Records from a dataset:
▬▬▬▬▬▬
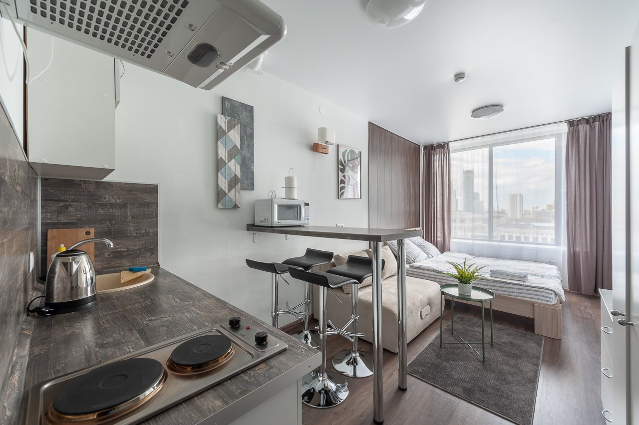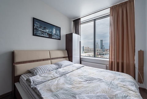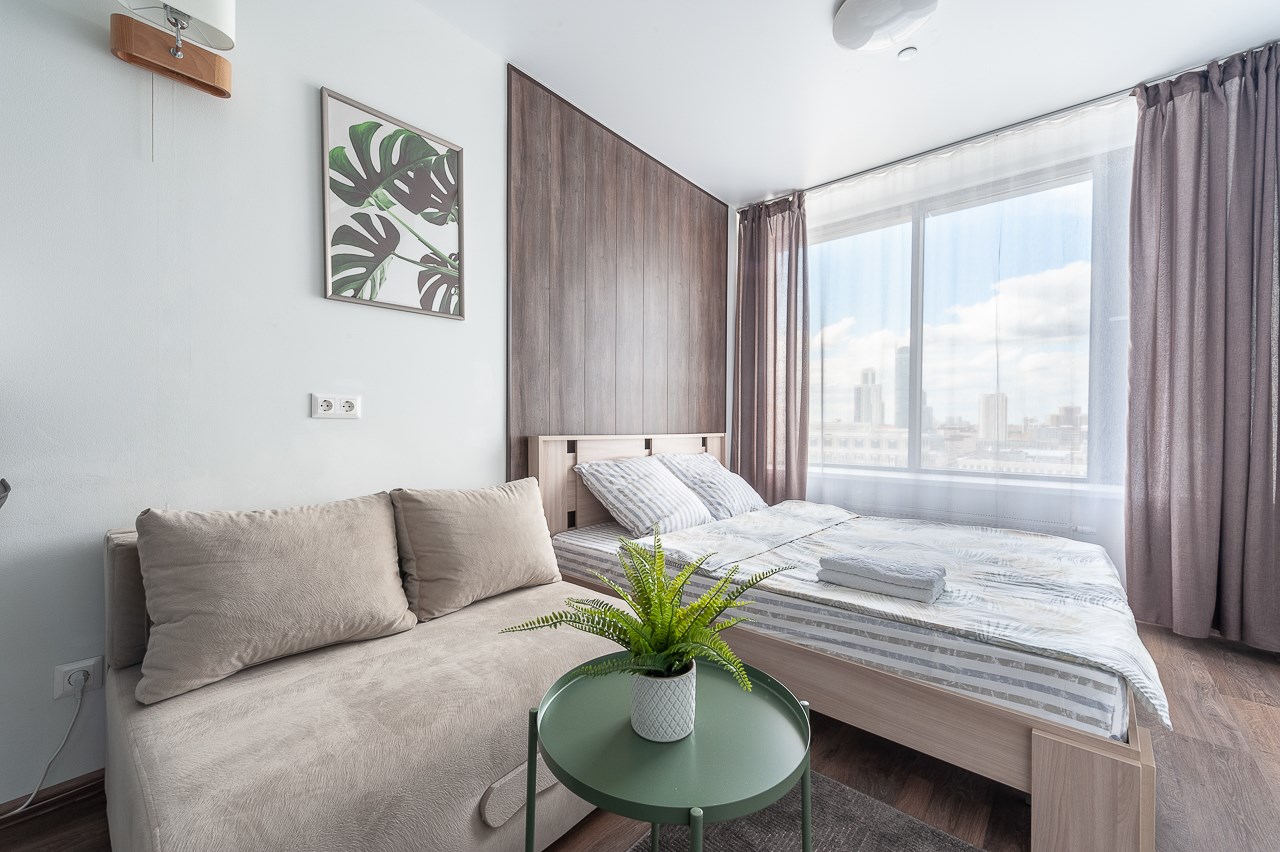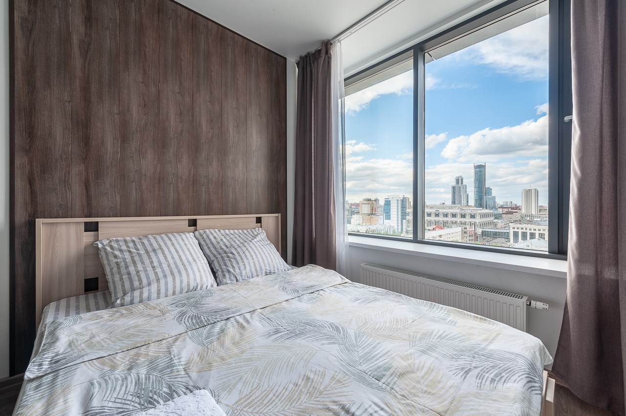Поездом до ж/д вокзала г. Екатеринбург (Екатеринбург-Пассажирский), далее на метро до станции «Площадь 1905 года», далее 400 м до апартаментов.
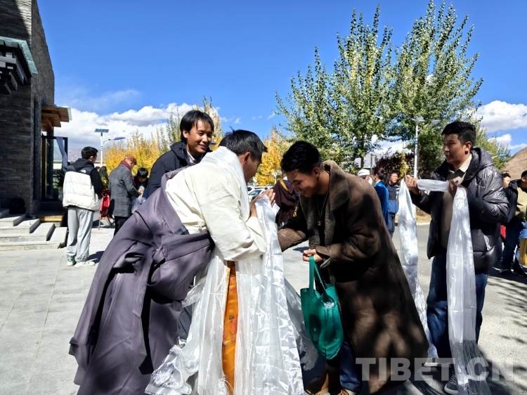 圖為學生們向丹巴繞旦之子、西藏丹巴繞旦唐卡藝術(shù)學校校長旦增平措敬獻哈達,表達對丹巴繞旦教授的敬意
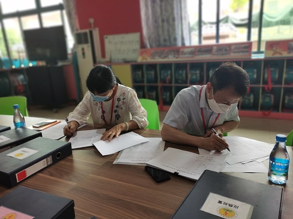 此次督導檢查主要包括“六項”管理、雙減工作、疫情防控工作等內容。徐銘侃和曹艷明兩位督導員首先聽取了學校行政在落實“雙減”工作及疫情防控方面的情況匯報,查閱了相關文件資料并逐項核查。督導員們還專門抽取了部分學生進行“雙減”問卷調查,將督導檢查調研工作深入到學生中去。另外,他們還在行政領導的帶領下巡視校園,并開展隨堂聽課。在巡視過程中,督導員們采取邊看邊聽邊動手翻閱室場資料的方式進行全面視察,對校園環境安全衛生高度關注。
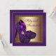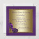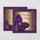 Invitation modèle élégant violet et or pour une fête d'anniversaire. Cette belle invitation pour une fête d'anniversaire représentant une chaussure à talon haut noire, violette et or est facilement personnalisable pour votre événement en cliquant simplement sur le bouton "Personnalisez-le !" pour commencer à ajouter vos détails d'événement, style de police, taille et couleur de police, et libellé. Veuillez noter que tous les autocollants, cartes et modèles d'invitation que vous trouverez sur Zazzle sont des graphiques imprimés sans véritables bijoux, rubans, reliefs, gaufrures ou pièces ajoutées.
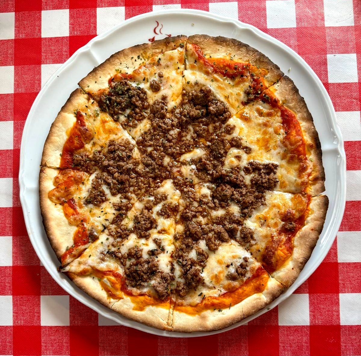Prueba nuestra pizza boloñesa casera en Marbella. Masa artesanal, salsa de tomate, mozzarella y carne de ternera gallega cocinada a fuego lento.
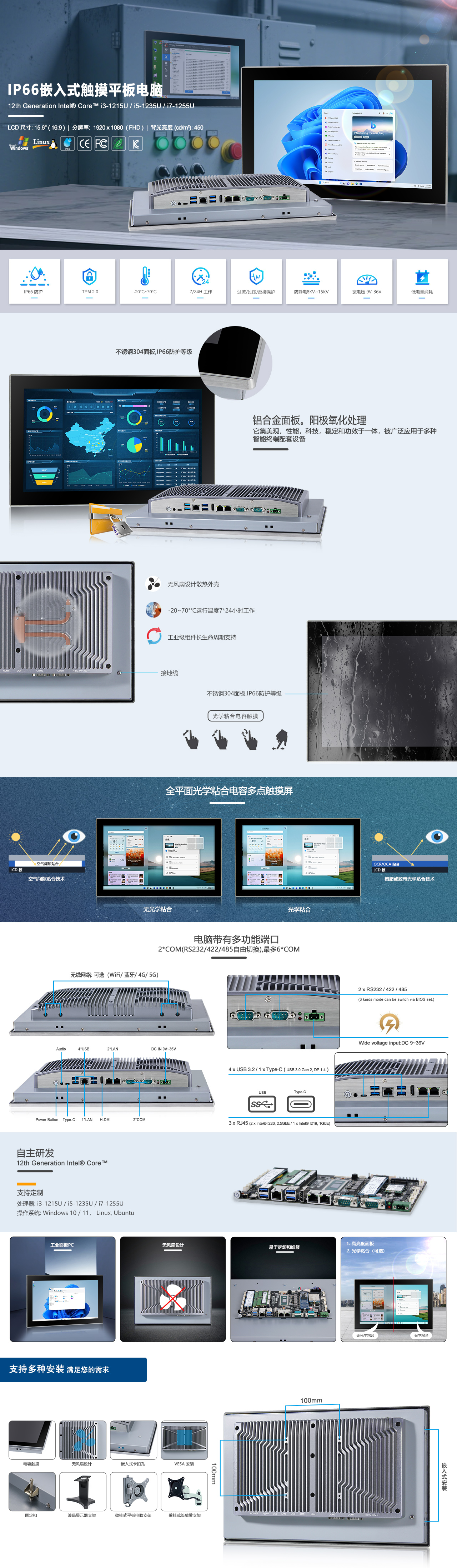 15.6寸液晶屏 / 分辨率 1920 x 1080 / 12th Gen Intel® Core™ i7-1255U 1.7GHz / 光学粘合电容触摸 / 1 x H-DMI / 3 x LAN / 4 x USB3.2 / 1 x Type-C / 2 x COM / TPM2.0 / DC 9V~36V 宽电压输入,支持过流,过压和反接保护 |
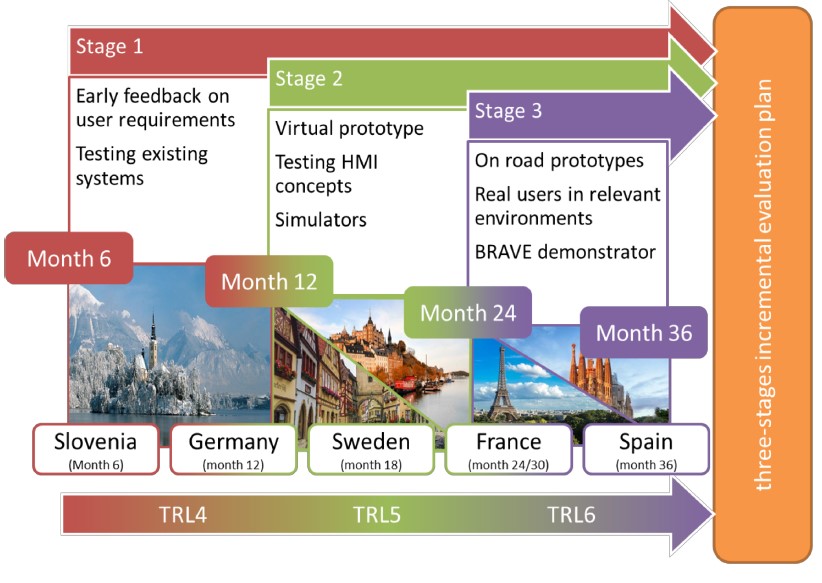 El proyecto BRAVE contempla pruebas en circuito cerrado cada 6 meses en varios de los países participantes. A España le tocará en el mes 36 del proyecto alojar estos test.
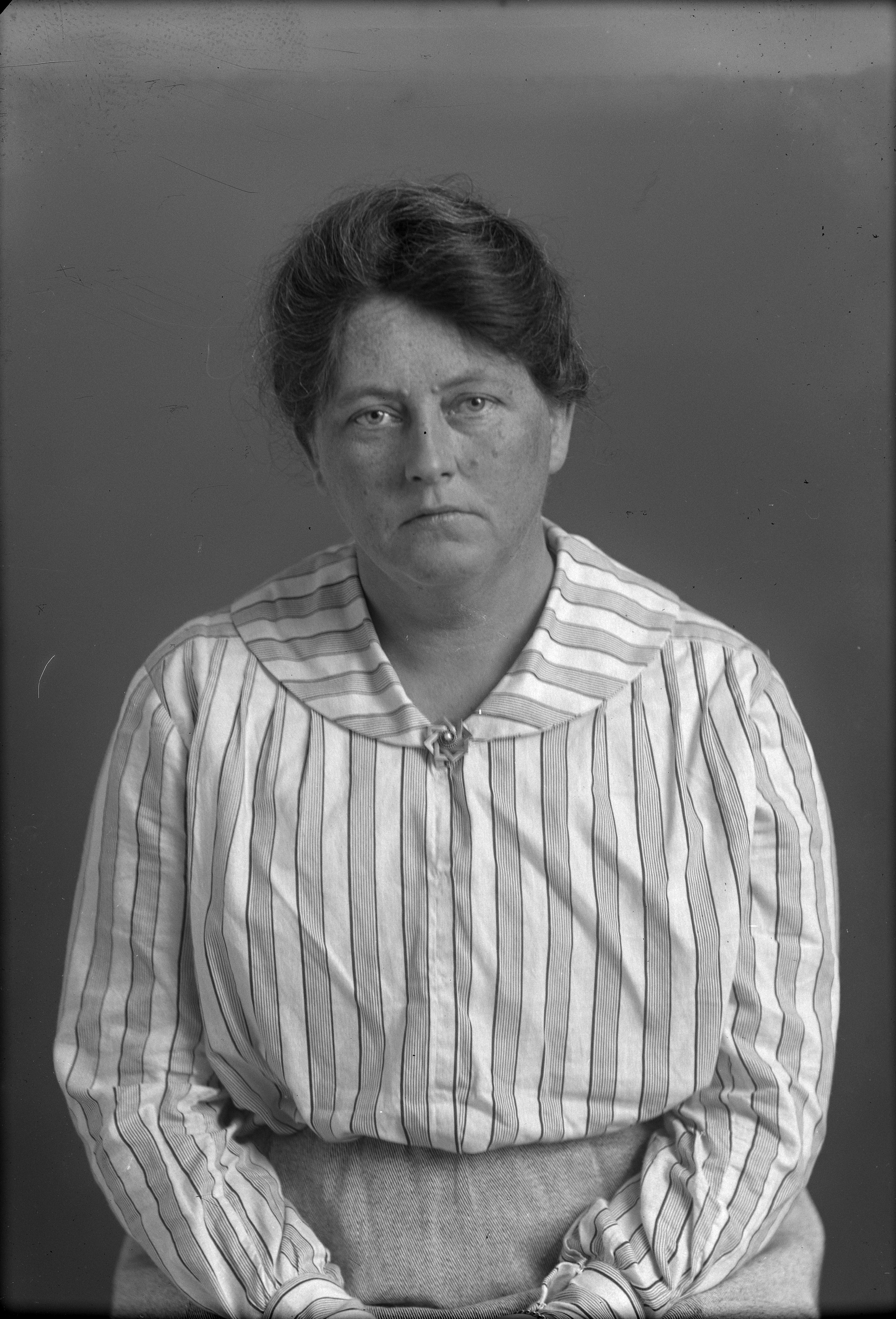 Beskrivning: Porträtt i halvfigur av fru Åregård.
▬▬▬▬▬▬
§ WORK TASK: Output every entry verbatim. Pictures do not belong in the copy.

§ ANSWER:
Поездом до ж/д вокзала г. Екатеринбург (Екатеринбург-Пассажирский), далее на метро до станции «Площадь 1905 года», далее 400 м до апартаментов.
 圖為學生們向丹巴繞旦之子、西藏丹巴繞旦唐卡藝術(shù)學校校長旦增平措敬獻哈達,表達對丹巴繞旦教授的敬意
 此次督導檢查主要包括“六項”管理、雙減工作、疫情防控工作等內容。徐銘侃和曹艷明兩位督導員首先聽取了學校行政在落實“雙減”工作及疫情防控方面的情況匯報,查閱了相關文件資料并逐項核查。督導員們還專門抽取了部分學生進行“雙減”問卷調查,將督導檢查調研工作深入到學生中去。另外,他們還在行政領導的帶領下巡視校園,并開展隨堂聽課。在巡視過程中,督導員們采取邊看邊聽邊動手翻閱室場資料的方式進行全面視察,對校園環境安全衛生高度關注。
 Invitation modèle élégant violet et or pour une fête d'anniversaire. Cette belle invitation pour une fête d'anniversaire représentant une chaussure à talon haut noire, violette et or est facilement personnalisable pour votre événement en cliquant simplement sur le bouton "Personnalisez-le !" pour commencer à ajouter vos détails d'événement, style de police, taille et couleur de police, et libellé. Veuillez noter que tous les autocollants, cartes et modèles d'invitation que vous trouverez sur Zazzle sont des graphiques imprimés sans véritables bijoux, rubans, reliefs, gaufrures ou pièces ajoutées.
Prueba nuestra pizza boloñesa casera en Marbella. Masa artesanal, salsa de tomate, mozzarella y carne de ternera gallega cocinada a fuego lento.
 15.6寸液晶屏 / 分辨率 1920 x 1080 / 12th Gen Intel® Core™ i7-1255U 1.7GHz / 光学粘合电容触摸 / 1 x H-DMI / 3 x LAN / 4 x USB3.2 / 1 x Type-C / 2 x COM / TPM2.0 / DC 9V~36V 宽电压输入,支持过流,过压和反接保护 |
 El proyecto BRAVE contempla pruebas en circuito cerrado cada 6 meses en varios de los países participantes. A España le tocará en el mes 36 del proyecto alojar estos test.
 Beskrivning: Porträtt i halvfigur av fru Åregård.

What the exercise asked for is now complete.